I'd have more respect for him if he actually owned up to his doping, but even so, he's allowed to ride his bike and show up at un-sanctioned events. By banning him from an event like Mt. Washington, who comes out on top? It would make the organizers look like tools for not allowing him to participate and you guys ***** that he shouldn't be there... 

All of you saints please step forward. Remember one other thing as you kneel to your Lance and Merckx shrines. Merckx got caught once and expelled from a Grand Tour and Lance just never got caught...


----------



## dclee (Nov 16, 2004)

To call the Mount Wasington Hill Climb a ride is pure B.S. This is a race pure and simple. They have time keeping, record keeping, and prizes. Heck last time Tyler set the course record - which is something you do not see in rides by the way - he won a car. That is a better prize than 99% of races in the States.
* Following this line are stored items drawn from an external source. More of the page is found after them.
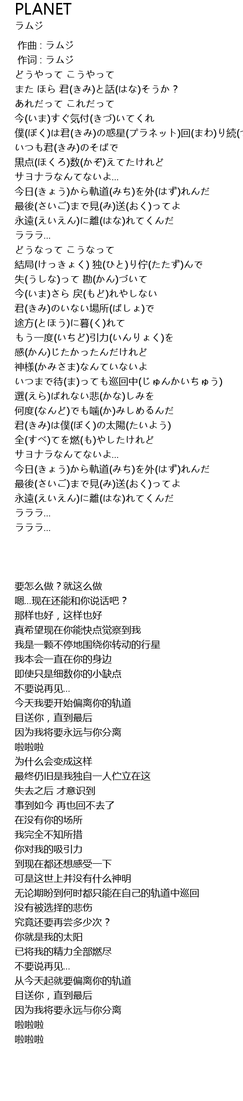 | [00:27.950] | 僕(ぼく)は君(きみ)の惑星(プラネット)回(まわ)り続(つづ)けて |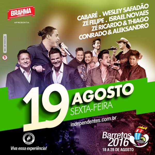 Na abertura do evento, dia 18, quinta-feira, a programação inclui as duplas Simone & Simaria e Jads & Jadson, além do especial Filhos da Terra. Na sexta-feira, dia 19 de agosto, mais grandes atrações: Cabaré – projeto especial de Leonardo e Eduardo Costa -, Wesley Safadão, Zé Felipe, Israel Novaes, Zé Ricardo & Thiago e Conrado & Alekssandro.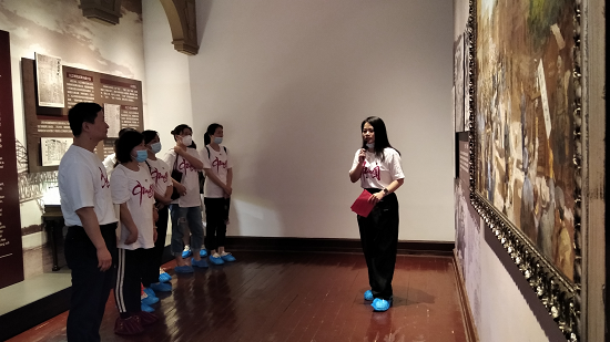 在九江租界历史陈列馆,支部书记李慧慧和委员高芳、虞毅分别以《九江租界历史》《屈辱外交中的一抹亮色》《九江军民收回英租界》为题,实景讲授近代以来九江人民反帝反封建的斗争历史,触摸着百年沧桑的历史建筑,瞻仰一件件革命文物和历史照片,听着那九十五年前这片热土上的斗争故事,实景党课架起一座穿越历史的桥梁,激活了每位党员的红色血脉,震撼着每一位党员的心灵。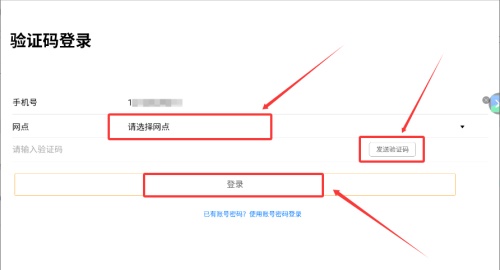4、接着从列表中选择您所在的网点信息,获取验证码并填写后点击登录。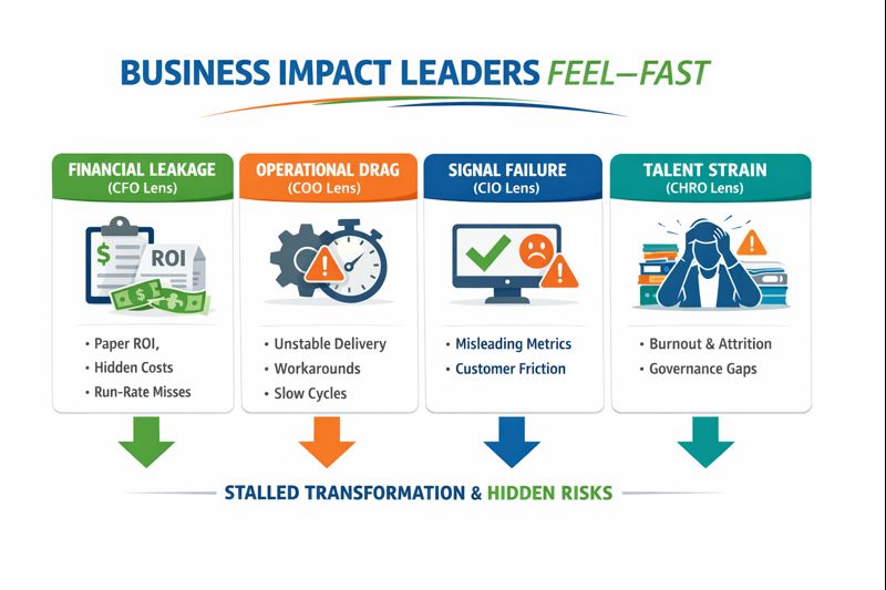 CapEx-heavy transformations generate paper ROI that depends on behaviours no one funded. Savings appear in models but don’t materialize in run-rate results. Meanwhile, hidden OpEx accumulates through contractors, rework, and workaround-heavy operations—just without transparency.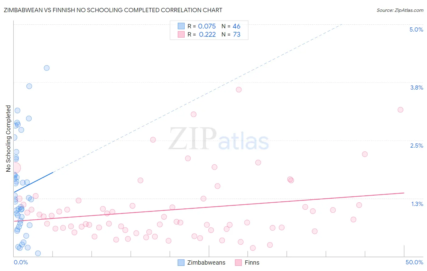 Zimbabwean vs Finnish No Schooling Completed Correlation Chart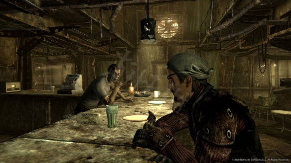 当然,绝大多数玩家根本不会在乎这个,只希望能够尽快投入这个世界就可以了。然而,我认为,对于一个RPG游戏来说,一个来自两百年前的人,究竟会怎样认识、接受、理解、习惯这个与他/她所来自的那个世界(在那个世界里有秩序、干净整洁的住房和电视转播的棒球比赛)完全不同的废土,本来是一个值得大书特书的题材,但B社的编剧根本没有在这方面用心。玩家在刚回到老家的时候,碰见历经两百年沧桑依然坚守岗位的机器管家时,我本来以为机器管家会向主角介绍一下这个世界变成了什么样子,但机器管家只是跟主角讲了这个世界已经过去了二百年,把主线转移到康科德之后就去找食物了,并没有教给主角任何有关废土的有用的信息。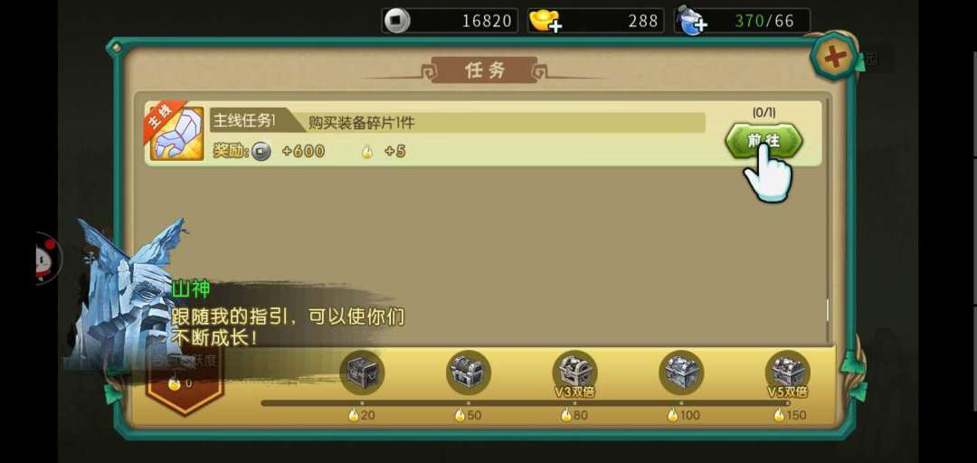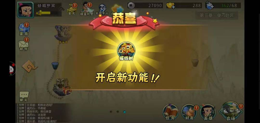 当通过3-2小关的时候会解锁摇钱树,在里面可以摇树来速度获得银币,这个每天免费一次,以后**始花元宝摇的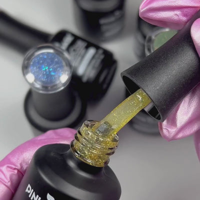 The Reflective Jelly Color Base Coats combine base, color, and effect in one innovative product. Their translucent jelly finish subtly enhances the natural nail, while reflective particles react to light, creating soft, luminous sparkles.
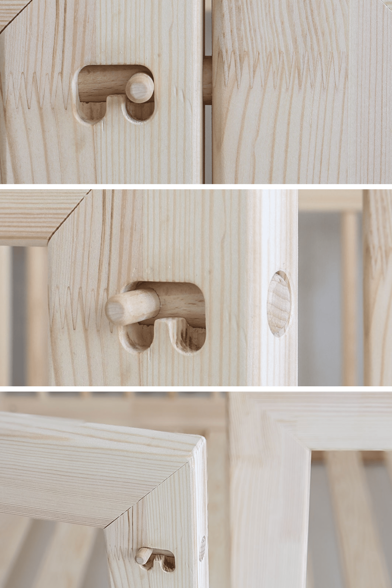 Avec sa porte équipée de charnières en laiton et une fermeture en chevilles de bois de hêtre, ce lit offre une solution de sécurité pensée pour les besoins des enfants. La structure basse du lit réduit les risques de chutes nocturnes, tandis que la porte offre une barrière supplémentaire qui peut être facilement maniée par de petites mains, permettant aux enfants de gérer leur propre espace de manière sûre.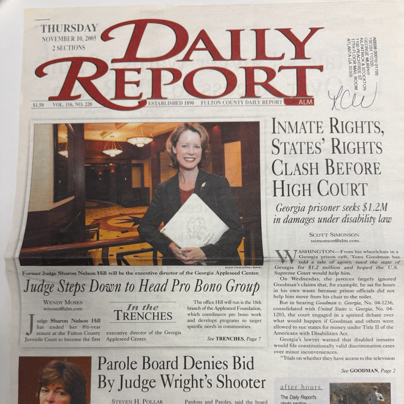 Georgia Appleseed launches under the guidance of Founding Board Chair, Steve Clay and Executive Director Sharon Hill. Kilpatrick Townsend & Stockton donates in-kind space for the offices.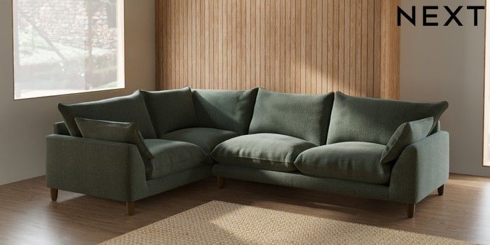 7.2.6 Buy Noa Deep Relaxed Sit Large Corner Sofa - Left Hand Chunky Texture Mid Forest Green High Leg - Mid from the Laura Ashley online shop Click here to use our website with more accessibility support, for example screen readers

The guy was banned from racing for a period of time because he was a cheat. During this period of sanction the guy is continuing to race by entering unsanctioned events. It makes him look bad -i.e. no respect for rules, not surprising from an unremorseful cheat - and further makes cycling look bad since people who should be removed from the competitive side of the sport are still competing.

The UCI has looked very unfavourable on this type of behaviour in the past, as they should. TH tried to set up an unsanctioned race series by paying the insurance costs. The UCI properly said a ban from racing is a ban from racing and threatened to sanction those who participated in a series with the cheat. 

It looks like this problem will not go away anytime soon, since Tyler will likely be banned for life from competitive cycling and thus will have to rely on either a job at a bike shop or the prizes from unsanctioned events in order to make a living.


----------



## Fogdweller (Mar 26, 2004)

Yes, I worship at the alter of Merckx and if you knew anything about the circumstances of the '69 Giro, you wouldn't have included it in this thread. As for Armstrong, I tend to agree with you, that he never got caught. We'll never know for sure and he seems to spend a ton to make sure we never do. Just my opinion... nothing more.


----------



## ultimobici (Jul 16, 2005)

howiefelthersnatch said:


> You guys are reading too much into this whole thing.
> He's an ex-pro, who happened to get caught for doping, and he showed up to do a RIDE. It's not a sanctioned race!!! Now, he's just a famous, or infamous, guy on a bike.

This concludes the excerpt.